Dan Bishop danb_83 at yahoo.com
Thu May 19 17:14:38 EDT 2005


Dave Rose wrote:
> I hope someone can please help me.  A few months ago, I found a VBS
file,
> MonitorEDID.vbs on the internet.
...[snip]...
> Anyway, the functions from VBS I don't know how to translate to
Python are:
>
> #        location(0)=mid(oRawEDID(i),0x36+1,18)
> #        location(1)=mid(oRawEDID(i),0x48+1,18)

IIRC, the BASIC mid$ function is mid(string, start, length), where the
starting index is 1-based.  The Python equivalent is
string[start-1:start-1+length], so these two lines would convert to

   location = [oRawEDID(i)[54:72], oRawEDID(i)[72:90]]

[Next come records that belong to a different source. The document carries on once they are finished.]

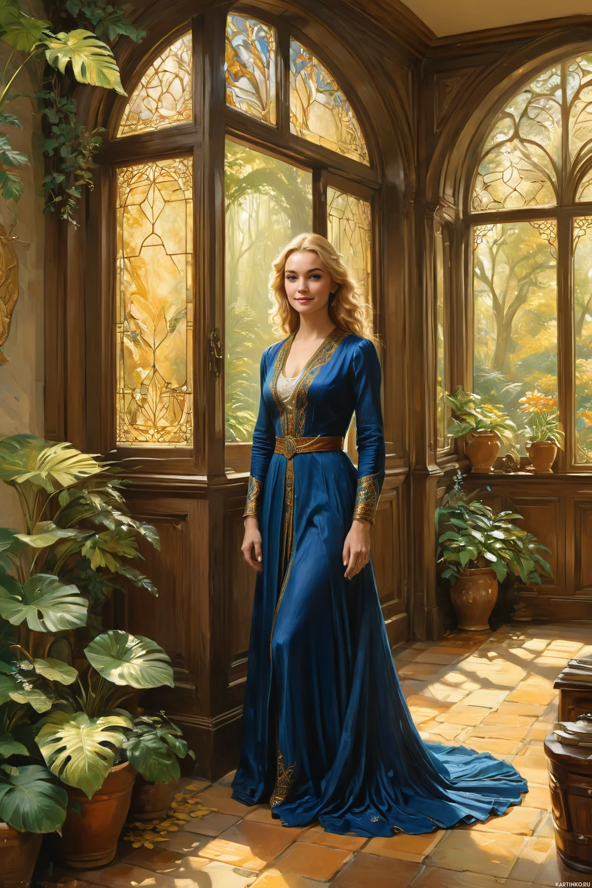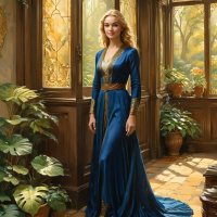 blonde hair and is wearing a long blue dress that appears to be designed for a historical or fantasy setting. The dress features elaborate detailing at the waist, suggesting a costume from a specific time period or a fictional context. Behind her, there are
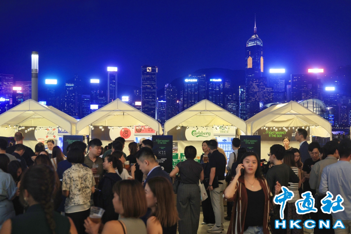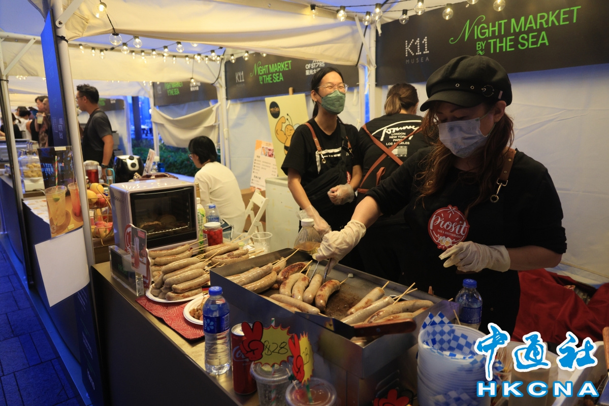 香港中通社9月25日電(譚暢)為推動夜經濟,香港星光大道與K11 MUSEA合辦文化海濱市集 “星光夜市”,於9月22日正式開幕。一連三個晚上,現場人頭湧動,市民和攤主都形容比預期的要熱鬧很多。 維港海邊,沿著海岸線的人行步道,搭起了一個個白色小篷。一個小篷,便是一個夜市攤位。放眼望去,整齊排布著近30個攤位,鵝黃色的燈光由內傾瀉而出,像是為維港的夜晚點綴了不同的星光。
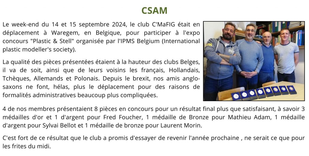Ses adhérents ont présenté une partie de leurs travaux de la saison écoulée. Une douzaine d'oeuvres "tournées vers la seconde guerre mondiale" de la section Maquette et quelques 77 oeuvres, de divers domaines de loisirs créatifs.
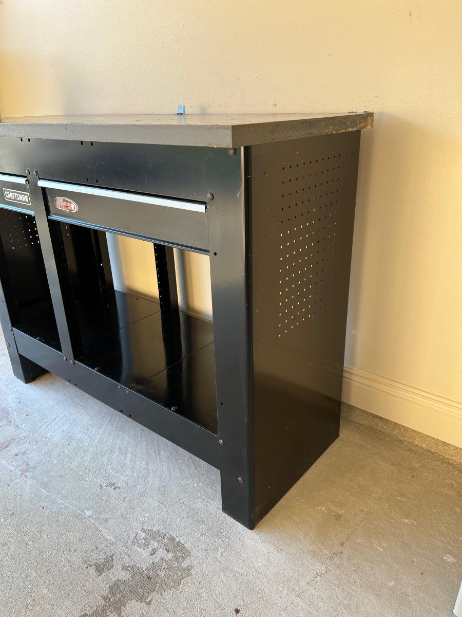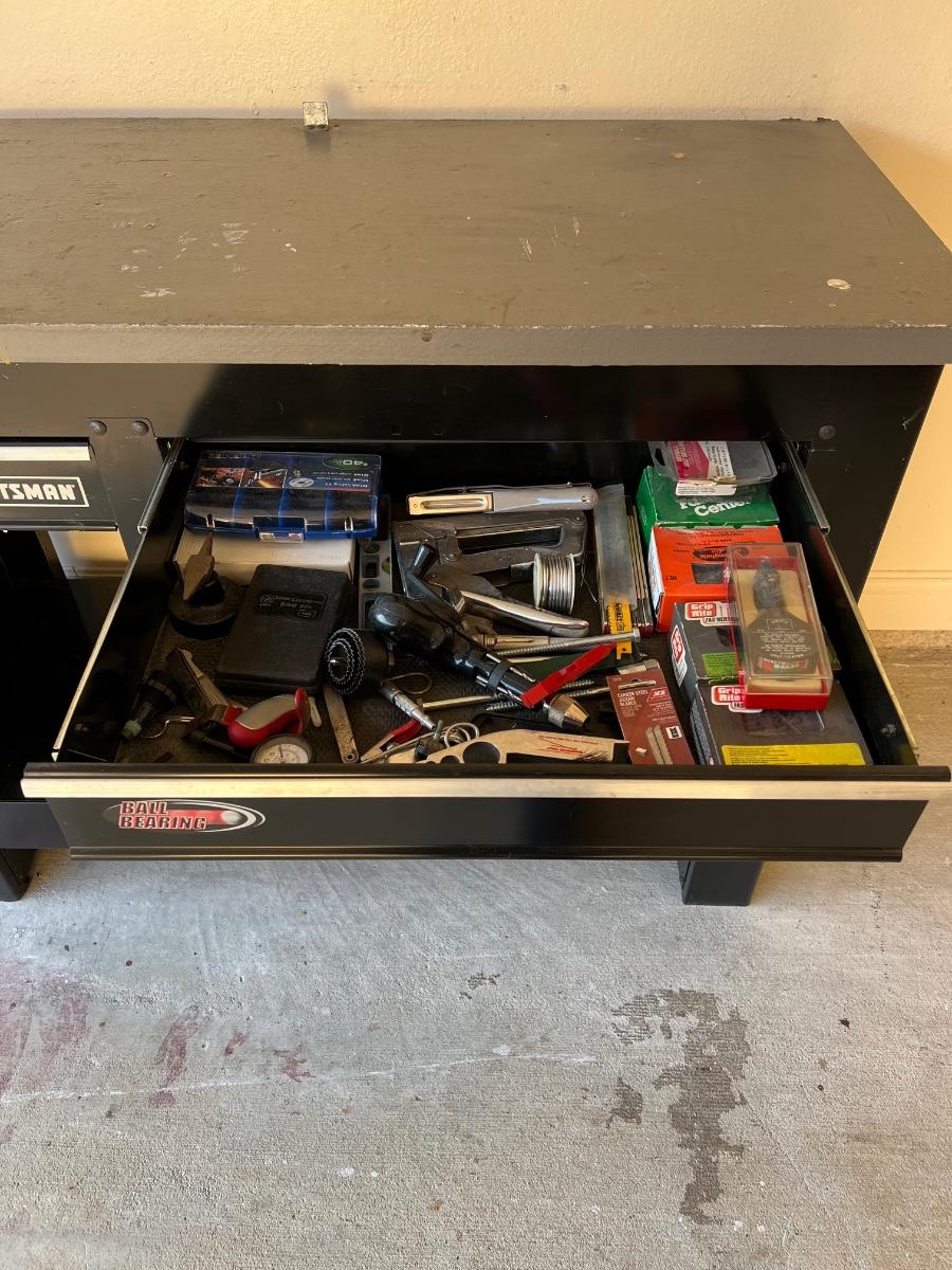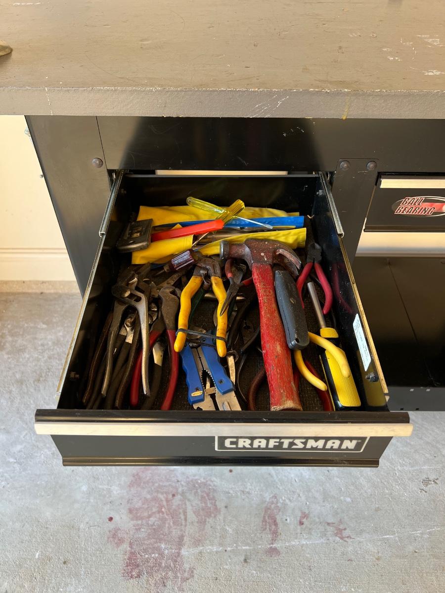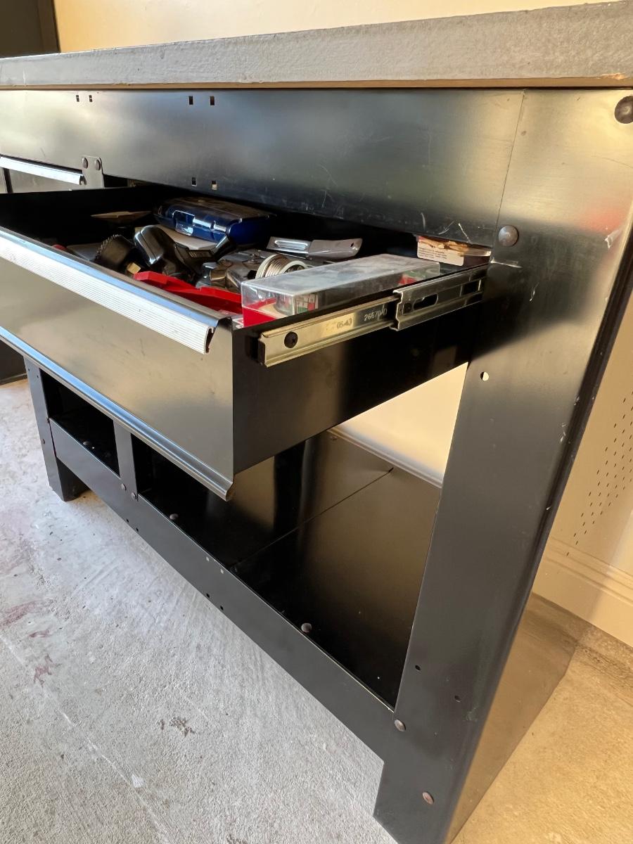 Awesome work and storage center. Comes with 5 adjustable C-Clamps along with all the tools inside the drawers. See Photos. Normal wear. ** Forgot to take the measurements. Will get that and post ASAP
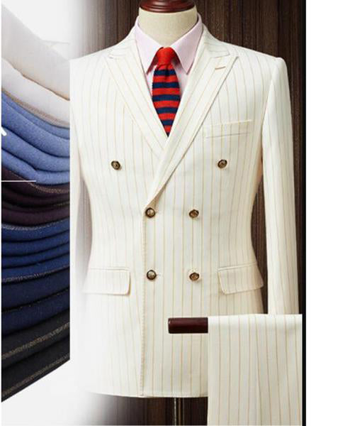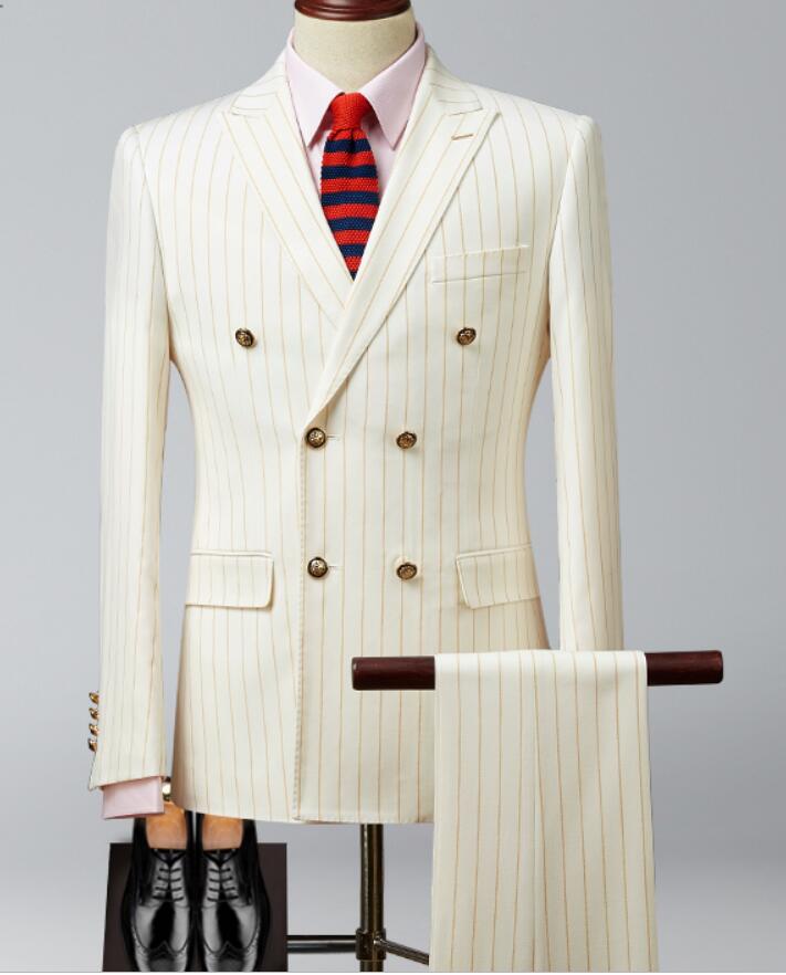 Costume de mariage pour homme à rayures beiges à revers croisé et à revers pointus pour homme 2 pièces (veste + pantalon)
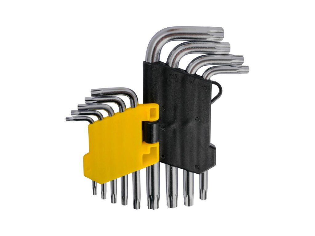 Sada torx klíčů, klíče jsou vyrobeny z vysoce kvalitní oceli S2, která se vyznačuje vysokou pevností a pružností.
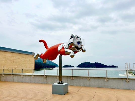 また、現代美術作家ヤノベケンジ氏の作品『SHIP’S CAT(Jumping)』が設置され、ジャンボフェリー「あおい」船上に設置される『SHIP’S CAT(Boarding)』とともに、瀬戸内国際芸術祭2025の展示作品として注目を集めます。

> #        #you can tell if the location contains a serial number if it
starts
> with 0x00 00 00 ff
> #        strSerFind=chr(0x00) & chr(0x00) & chr(0x00) & chr(0xff)

The "chr" function is the same in Python as in VB.  But unlike VB, you
can use literals for special characters.

   strSerFind = '\x00\x00\x00\xFF'

...[snip]...
> #                tmpver=chr(48+tmpEDIDMajorVer) & "." &
chr(48+tmpEDIDRev)

In python, the string concatenation operator is "+" instead of "&".
However, this line can be written more concisely as:

   tmpver = "%c.%c" % (48 + tmpEDIDMajorVer, 48 + tmpEDIDRev)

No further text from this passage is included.